Sejalan dengan intervensi pemerintah
dalam hal semua dimensi kehidupan warga negara, pemahaman terhadap norma-norma
hukum administari menjadi penting bukan saja untuk bagi aparatur pemerintahan
tetapi juga untuk warga negara dan tidak kalah pentingnya bagi negara penegak
hukum.
Negara
hukum menurut konsep Anglo-Saxon (rule of
law), Konsep socialist legality, dan konsep Negara hukum Pancasila.[1]Konsep-konsep
Negara hukum ini memiliki dinamika sejarahnya masing-masing, khususnya Negara
Eropa continental (rechtsstaat) yang memiliki kaitan dengan kemunculan ilmu
Hukum Administrasi Negara.
Gagasan
Negara hukum telah di kemukakan oleh Plato, “bahwa penyelenggaraan Negara hukum
yang baik ialah yang di dasarkan pada pengaturan (hukum) yang baik.[2] Dan
diikuti oleh Aristoteles, Menurutnya “Suatu Negara yang baik ialah Negara yang
di perintah dengan Konstitusi dan berkedaulatan Hukum. Menurutnya ada tiga
unsur pemerintah yang berkonstitusi, yaitu: Pertama, Pemerintahan
dilaksanakan untuk kepentingan umum; Kedua, Pemerintahan dilaksanakan
menurut hukum yang berdasarkan pada ketentuan-ketentuan umum, bukan hukum yang
dibuat secara sewenang-wenang yang menyampingkan konvensi dan konstitusi; Ketiga,
Pemerintahan berkonstitusi berarti pemerintahan yang dilaksanakan atas kehendak
rakyat, bukan berupa paksaan atau tekanan yang dilaksanakan pemerintah
despotik. Dalam kaitannya dengan konstitusi aristoteles mengatakan, Konstitusi merupakan
penyusunan jabatan dalam suatu Negara dan menentukan apa yang dimaksudkan
dengan badan pemerintahan dan apa akhir dari setiap masyarakat, Konstitusi
merupakan aturan-aturan dan penguasa harus mengatur Negara menurut
aturan-aturan tersebut.[3]
Salah
satu unsur Negara hukum menurut Stahl, unsur-unsur Negara Hukum (Rechtsstaat) adalah sebagai berikut :
a. Perlindungan
Hak-hak asasi manusia;
b. Pemisahan
atau pembagian kekuasaan untuk menjamin hak-hak itu;
c. Pemerintahan
berdasarkan perundang-undangan dan
d.
Peradilan Administrasi dalam
Perselisihan.[4]
Meskipun
tidak semua Negara yang`memiliki konsistitusi diilhami oleh semangat
individualisme. Dengan kata lain esensi dari Negara berkonstitusi adalah
perlindungan terhadap hak asasi manusia.
Pakar
Sosiologi Hukum Prof.DR. Satjipto Raharjo, dalam bukunya “Sisi-Sisi Lain Dari
Hukum di Indonesia, Penerbit Kompas, 2003”, secara implisit menyimpulkan bahwa,
adanya perasaan tidak bersalah, sekalipun putusan judex factie ( PN dan PT)
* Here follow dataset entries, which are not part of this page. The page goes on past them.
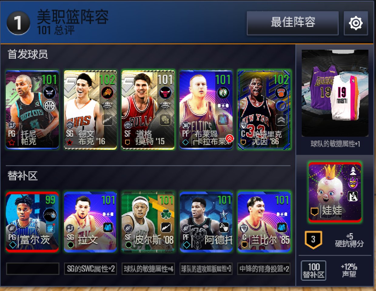 你这替补pg换个100以上带加成的差不多了,全明星杜兰特太贵不建议买,最好攒钱买102威少和魔术师压哨
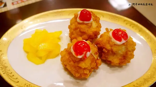 御膳房的招牌菜之一,現點現做,以蝦球、蝦膏製成,外層再裹上吐司丁,再以高溫下去由炸,炸得金黃酥脆,口感非常扎實,一定要趁熱吃才好吃,上面再用美乃滋加櫻桃點綴,而一旁黃色的配菜味道超特別的,酸甜酸甜的,猜了好久,一問之下才知道是百香果醬醃製的冬瓜...夏天吃超適合的!
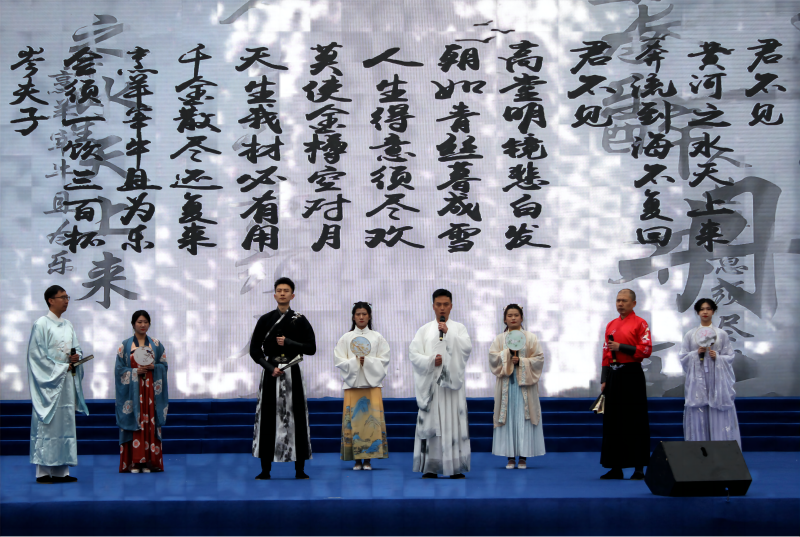 青物書院為搞好此次活動,確保節(jié)目精益求精,組織集團(tuán)系統(tǒng)職工高凱、郭宇、阿柏林、任蕊、王思涵等8名員工排練了富有特色的詩樂鳴響《將進(jìn)酒》。在演出現(xiàn)場,悠揚(yáng)婉轉(zhuǎn)的古箏配上鏗鏘有力的誦讀,將詩仙李白的傳統(tǒng)經(jīng)典賦予了新的形式,煥發(fā)出新的光彩,將活動現(xiàn)場推向了高潮,現(xiàn)場掌聲雷動,展現(xiàn)出了青海物產(chǎn)集團(tuán)職工奮發(fā)向上的精神風(fēng)貌,塑造了青海物產(chǎn)書香企業(yè)的良好形象。
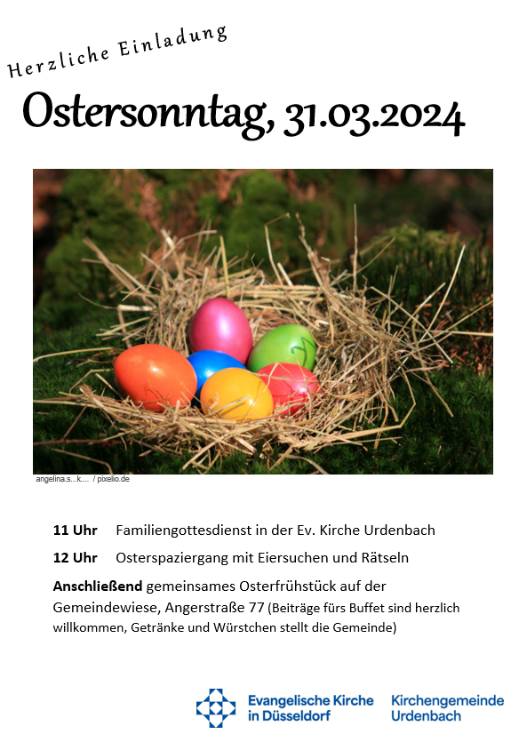Familiengottesdienst am Ostersonntag Am Ostersonntag, den 31.03.2024 feiern wir gemeinsam Familiengottesdienst um 11 Uhr in der Ev. Kirche Urdenbach. Anschließend sind Sie noch herzlich zum Osterspaziergang und Osterfrühstück auf der Gemeindewiese eingeladen!

telah menyatakan yang bersangkutan bersalah, merupakan preseden buruk bagi
tegaknya budaya hukum di negeri ini”. Pandangan kritis pakar sosiologi hukum
itu patut menjadi renungan kita bersama, sebab di dalamnya terkandung pesan
yang sangat dalam mengenai perlunya kita mentradisikan budaya hukum di negeri
ini, karena tanpa tertanam budaya hukum mustahil dapat ditegakkan hukum yang
berkeadilan.
Oleh
karenanya sekalipun masyarakat kita sadar terhadap hukum yang berlaku di
negaranya, belum tentu masyarakat kita tersebut patuh pada hukum tersebut.
Kepatuhan terhadap hukum adalah merupakan hal yang substansial dalam membangun
budaya hukum di negeri ini, dan apakah sebenarnya kepatuhan hukum itu ?.
Kepatuhan
hukum adalah kesadaran kemanfaatan hukum yang melahirkan bentuk “kesetiaan”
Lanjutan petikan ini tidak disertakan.